Por supuesto, que otras áreas y estratos educativos estuvieron en la base de tan espectacular fenómeno. Mediante la actividad incesable de la benemérita Institución Libre de Enseñanza –entonces, quizá, en su fastigio- y del esfuerzo no menos encomiable de las órdenes religiosas de mayor tradición pedagógica –a las que se añadirían en la época el de otras, como, v.gr., el de la Institución Teresiana del P. Poveda-, la escuela y el bachillerato españoles se alzaron a una cima descollante, materializando en ancha medida el sueño noventayochista de realizar la palingenesia nacional a través de la vía docente.

En tan radiante y optimista horizonte se hace menor la sorpresa deparada por el dato bien contrastado de que fuera España una de las primeras naciones europeas en que la semilla del psicoanálisis sembrada por Sigmund Freud se esparciera más madrugadora y extensamente (Iberia, tierra siempre de paradojas: miembros de la muy hispánica O.P., que ampliaron sus estudios peninsulares en Viena y Berlín –Germania docet- figuran como adalides de la empresa…).
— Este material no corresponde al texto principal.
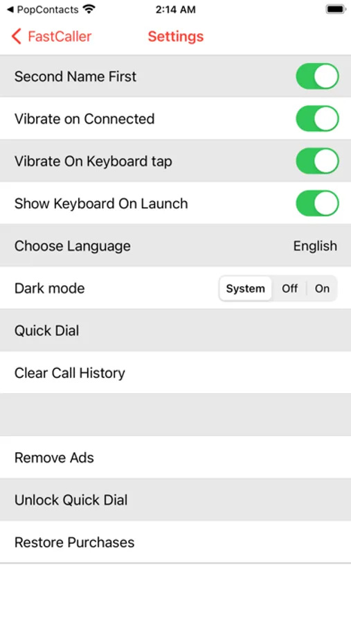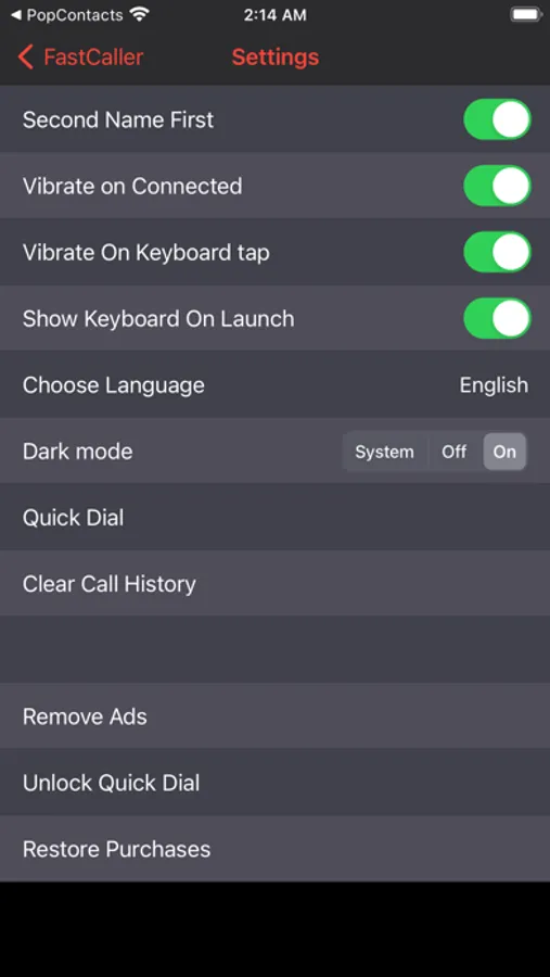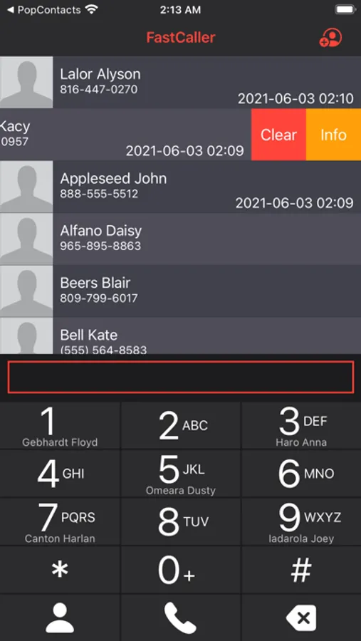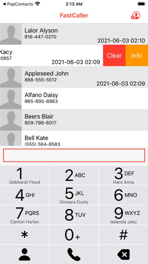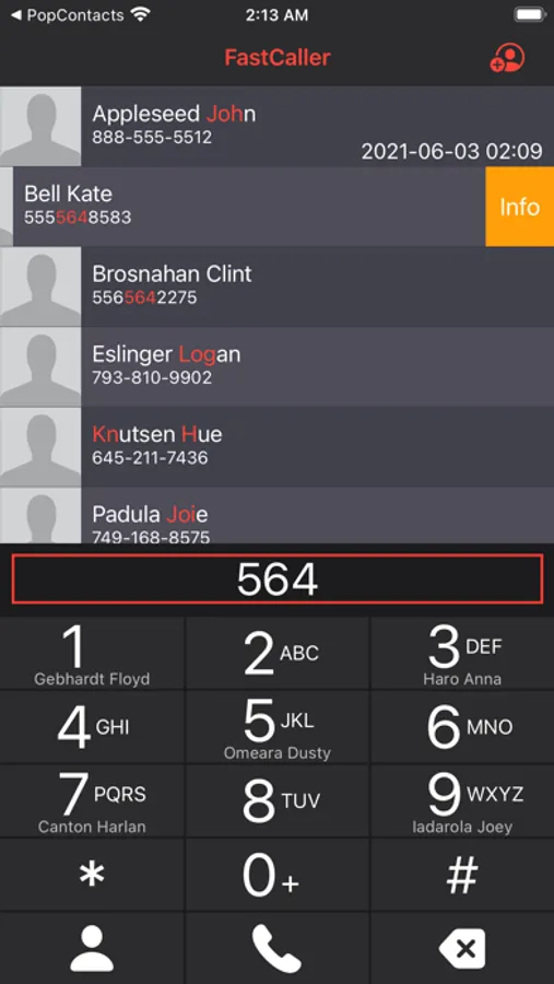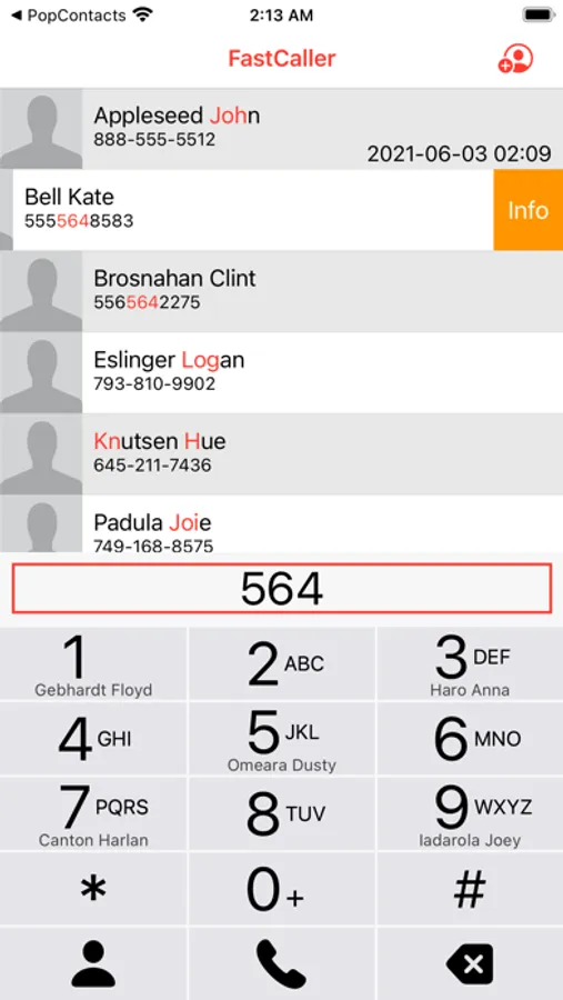 It looks through all the names and numbers, so you will quickly find the required contact even if you know only a few digits of the phone number or only part of the name. Just start typing on the keyboard and an intelligent search will help you! Depending on the language you have selected it will show characters for English and your selected language and will search both.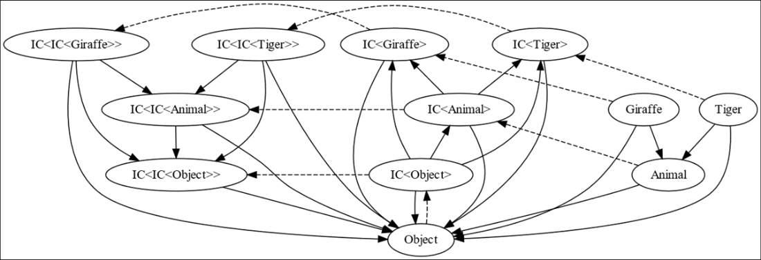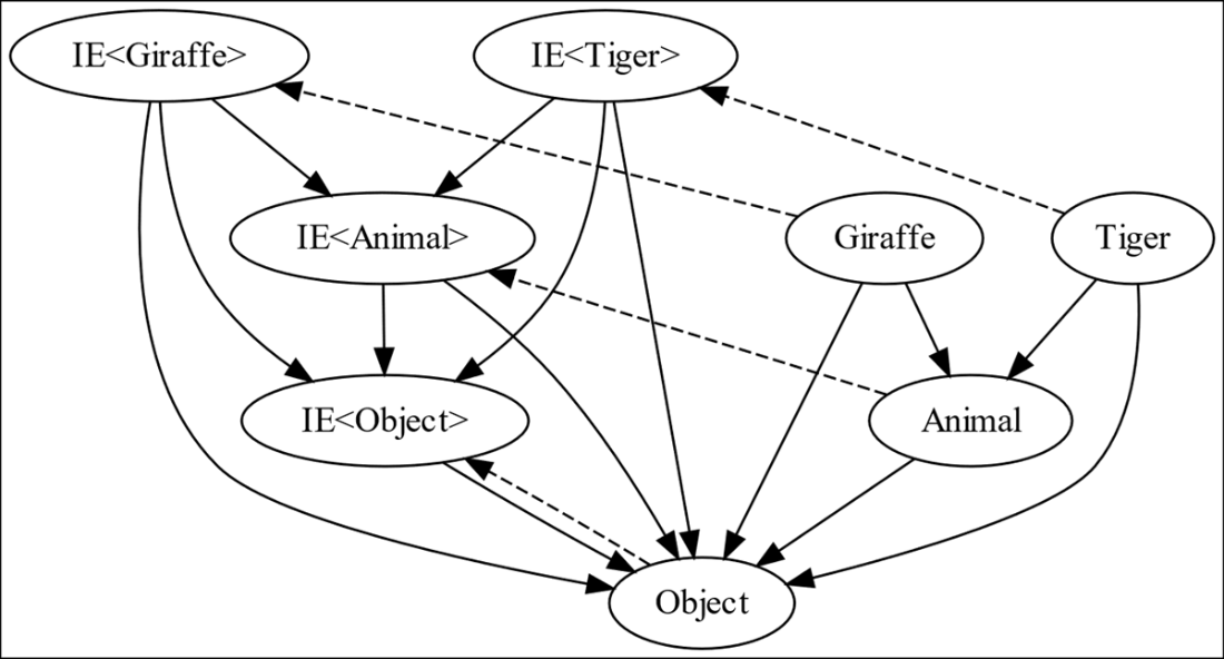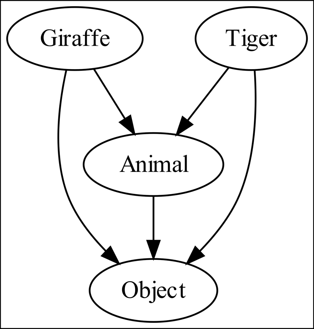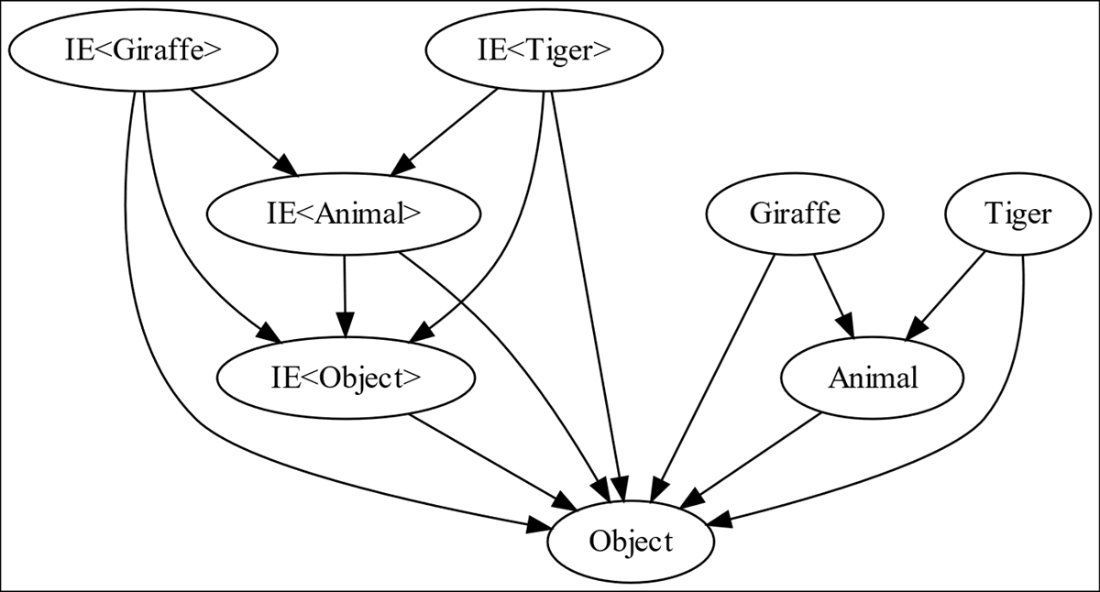 The category of four types with the assignment compatibility morphism; the identity morphisms are elided for clarity. Note that both Giraffe and Tiger have morphisms to Animal but not to each other. A Giraffe can’t be assigned to a variable of type Tiger and a Tiger can’t be assigned to a variable of type Giraffe, but both can be assigned to a variable of type Animal or Object.

Sus Obras Completas fueron así vertidas al castellano en los inicios de los años veinte por un editor igualmente representativo del auge de la cultura española de la época, que tuvo igualmente en el difícil arte de la traducción otro de sus exponentes más sobresalientes.

Y, sin embargo, las doctrinas del autor de La interpretación de los sueños tardarían largo, muy largo tiempo en aplicarse a escala significativa en nuestro país. La renitencia del médico humanista y escritor de mayor ascendiente en los decenios centrales de nuestro siglo XX, el insigne madrileño, D. Gregorio Marañón Moya (1886-1960), coincidente, en buena parte, con la visceral reacción antifreudiana de la jerarquía y clero, se contó como factor decisivo de dicha ausencia. Ausencia, por lo demás, doblemente pesarosa, por cuanto, según se analizará en un siguiente artículo, al término de la terebrante guerra civil de 1936, el diván freudiano debiera haber tenido un uso permanente para aliviar, en lo posible, sus trágicos efectos.